Potter Koichi Ohara has helped create ceramic Japanese tea and sake cup sets with custom wooden boxes milled from ash trees felled by the city of Chicago. Each set is currently listed for $5,000 on the auction site Paddle8.

Working with custom milled ash seems to be an increasingly large component of Gates’ new skills training focus and the Rebuild Foundation also announced plans to build a lumber mill in a former ComEd substation at 6913 S. Kenwood Ave.

Until recently, Gates said he was unsure what he would do with a former ComEd substation, but had been piling up outside every ash tree he could get from the city, which has felled hundreds of ash trees killed by emerald ash borer beetles in recent years.

Gates was not unavailable to comment.

He briefly said the substation could become a space for meditation and tea ceremonies, which would fall in line with plans announced in September to convert the 13 vacant lots around the substation into gardens.

The program, dubbed the Ash Project this week, remains in its infancy and its unclear still when if it will move into the substation before the gardens are completed in three years.

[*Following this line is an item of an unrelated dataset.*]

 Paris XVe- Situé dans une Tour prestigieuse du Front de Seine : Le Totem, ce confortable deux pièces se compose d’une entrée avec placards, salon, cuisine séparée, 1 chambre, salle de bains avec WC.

Craftsmen have already started working with the new supply of lumber and have created tables, with one listing on the benefit auction for an estimated $15,000.

Artists Antony Gormley, Anselm Kiefer, Eddie Peake and Gates himself are also listing new work in the auction.

Tickets to the benefit range from $1,000 for a single seat to $50,000 for a table for eight, with the option to take home the custom-made plates, bowls and the table itself.